Directions:
Keeping pictures out, repeat the lines of the listing below exactly, starting at its first line and finishing with the one that holds "今日の昼食はキンキの炙り、煮".

Dataset content:
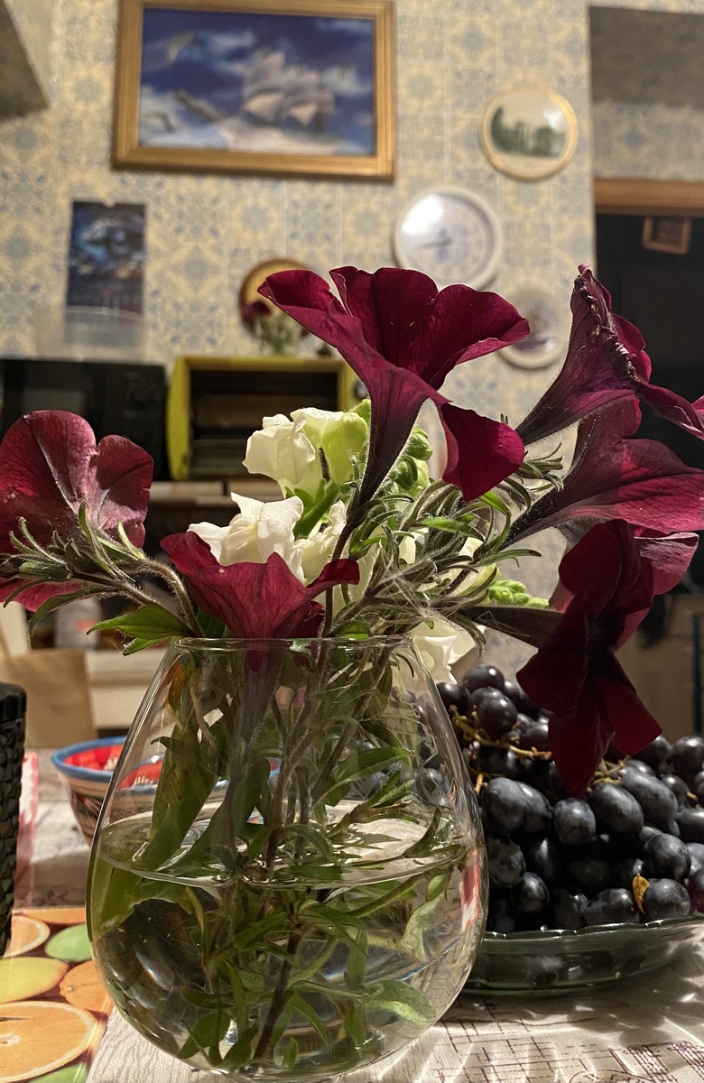 Когда-то давно, молодыми, мы жили с мужем в Ленинграде. Он с каждой зарплаты приносил мне тюльпаны, они во множестве продавались рядом со станцией метро Технологический институт. Тюльпаны и ещё, жареные семечки в кульке из газеты, семечки моё любимое лакомство тогда было. А себе он покупал пироженку, я их не любила. Вчера он мне тоже принёс цветы, последние, оставшиеся в живых. Я люблю цветы, всякие, могу заполнить ими любую ёмкость. Которые белые даже пахнут, на герань похожие. Мелочь, а приятно. Найдите на одном из фото нашу киску Шоколадку. Вот такие новости из Карелии от вашей Моны. Фото мои.
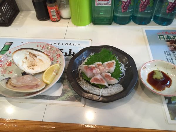今日の昼食はキンキの炙り、煮付け、大はまぐり焼、鯨赤身刺身とわかさぎの天ぷらでした。
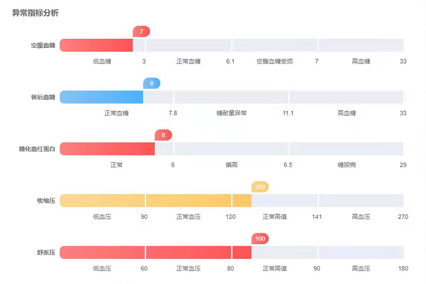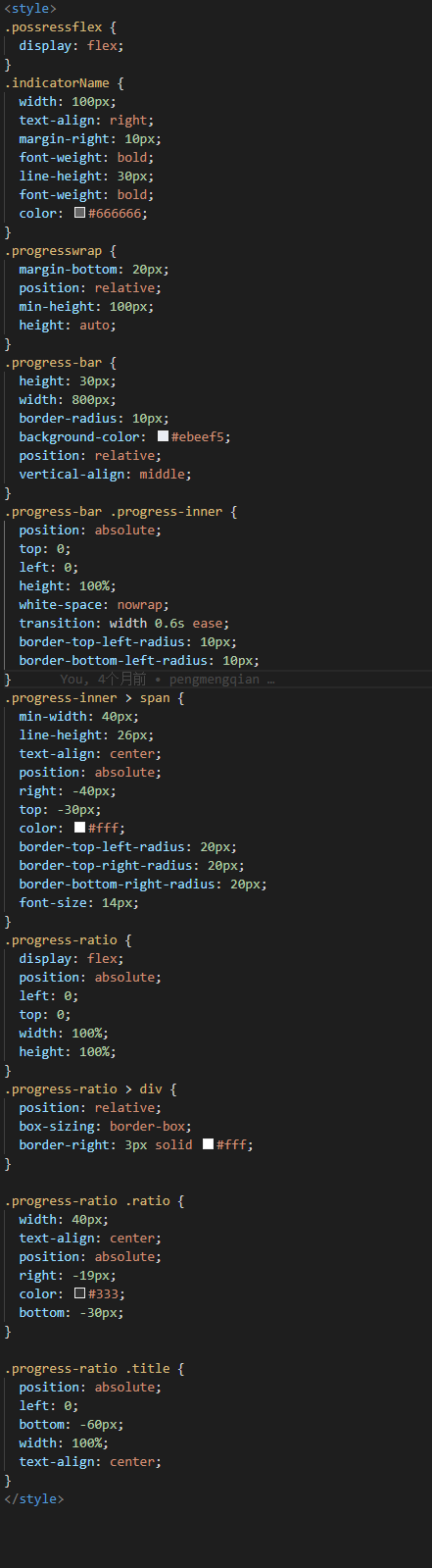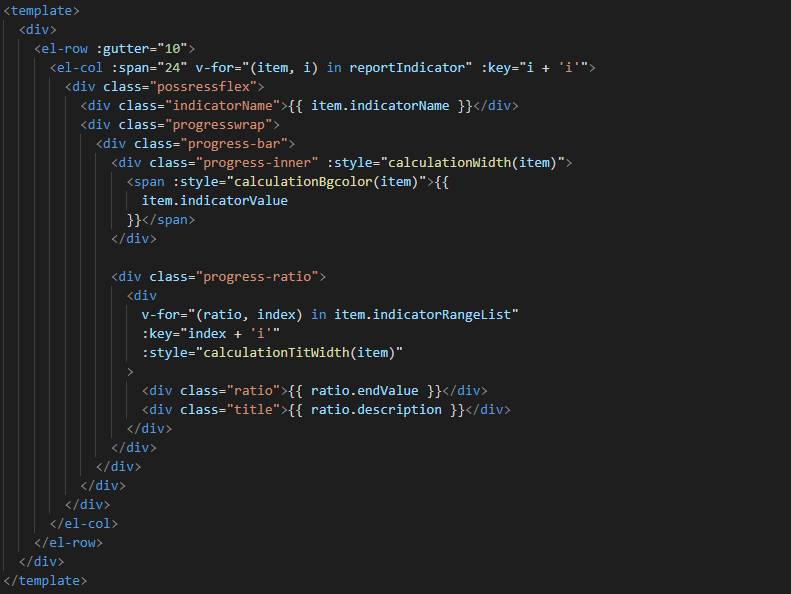 <template> <div> <el-row :gutter="10"> <el-col :span="24" v-for="(item, i) in reportIndicator" :key="i + 'i'"> <div class="possressflex"> <div class="indicatorName">{{ item.indicatorName }}</div> <div class="progresswrap"> <div class="progress-bar"> <div class="progress-inner" :style="calculationWidth(item)"> <span :style="calculationBgcolor(item)">{{ item.indicatorValue }}</span> </div> <div class="progress-ratio"> <div v-for="(ratio, index) in item.indicatorRangeList" :key="index + 'i'" :style="calculationTitWidth(item)" > <div class="ratio">{{ ratio.endValue }}</div> <div class="title">{{ ratio.description }}</div> </div> </div> </div> </div> </div> </el-col> </el-row> </div> </template> <script> export default { data() { return {}; }, computed: { calculationBgcolor() { return function (item) { // 方法二: 循环 let indicatorLevel item.indicatorRangeList.map((ele, idx) => { if ( item.indicatorValue >= ele.startValue && item.indicatorValue < ele.endValue ) indicatorLevel = ele.indicatorLevel }); return { background: this.headleBgcolor(indicatorLevel), }; }; }, calculationWidth() { return function (item) { var startValue; //开始值 var endValue; //结束值 var one = 100 / item.indicatorRangeList.length; // 值区间前宽度 var width; // 值宽度 var a; // 除数 var Level; var c; // 被除数 var bgColor; item.indicatorRangeList.forEach((ele, index) => { // 判断值区间 startValue = ele.startValue; endValue = ele.endValue; if (item.indicatorValue == endValue) { // 判断值等不等于区间结束值 width = one * (index + 1); bgColor = this.headleBgcolor(ele.indicatorLevel); } else if ( item.indicatorValue >= startValue && item.indicatorValue < endValue ) { a = item.indicatorValue - startValue; c = endValue - startValue; width = one * index + one * (a / c); bgColor = this.headleBgcolor(ele.indicatorLevel); } }); return { width: width + "%", background: bgColor, }; }; }, calculationTitWidth() { return function (item) { return { width: 100 / item.indicatorRangeList.length + "%", }; }; }, }, props: ["reportIndicator"], methods: { headleBgcolor(indicatorLevel) { let bgColor = null; if (indicatorLevel < 0) bgColor = "linear-gradient(90deg, #ffcf71, #ffb93a)"; else if (indicatorLevel == 0) bgColor = "linear-gradient(90deg, #5febc5, #3ecfa8)"; else bgColor = "linear-gradient(90deg, #fea6a6, #f66362)"; return bgColor; }, }, }; </script> <style> .possressflex { display: flex; } .indicatorName { width: 100px; text-align: right; margin-right: 10px; font-weight: bold; line-height: 30px; font-weight: bold; color: #666666; } .progresswrap { margin-bottom: 20px; position: relative; min-height: 100px; height: auto; } .progress-bar { height: 30px; width: 800px; border-radius: 10px; background-color: #ebeef5; position: relative; vertical-align: middle; } .progress-bar .progress-inner { position: absolute; top: 0; left: 0; height: 100%; white-space: nowrap; transition: width 0.6s ease; border-top-left-radius: 10px; border-bottom-left-radius: 10px; } .progress-inner > span { min-width: 40px; line-height: 26px; text-align: center; position: absolute; right: -40px; top: -30px; color: #fff; border-top-left-radius: 20px; border-top-right-radius: 20px; border-bottom-right-radius: 20px; font-size: 14px; } .progress-ratio { display: flex; position: absolute; left: 0; top: 0; width: 100%; height: 100%; } .progress-ratio > div { position: relative; box-sizing: border-box; border-right: 3px solid #fff; } .progress-ratio .ratio { width: 40px; text-align: center; position: absolute; right: -19px; color: #333; bottom: -30px; } .progress-ratio .title { position: absolute; left: 0; bottom: -60px; width: 100%; text-align: center; } </style>

The completed task:
 Когда-то давно, молодыми, мы жили с мужем в Ленинграде. Он с каждой зарплаты приносил мне тюльпаны, они во множестве продавались рядом со станцией метро Технологический институт. Тюльпаны и ещё, жареные семечки в кульке из газеты, семечки моё любимое лакомство тогда было. А себе он покупал пироженку, я их не любила. Вчера он мне тоже принёс цветы, последние, оставшиеся в живых. Я люблю цветы, всякие, могу заполнить ими любую ёмкость. Которые белые даже пахнут, на герань похожие. Мелочь, а приятно. Найдите на одном из фото нашу киску Шоколадку. Вот такие новости из Карелии от вашей Моны. Фото мои.
今日の昼食はキンキの炙り、煮付け、大はまぐり焼、鯨赤身刺身とわかさぎの天ぷらでした。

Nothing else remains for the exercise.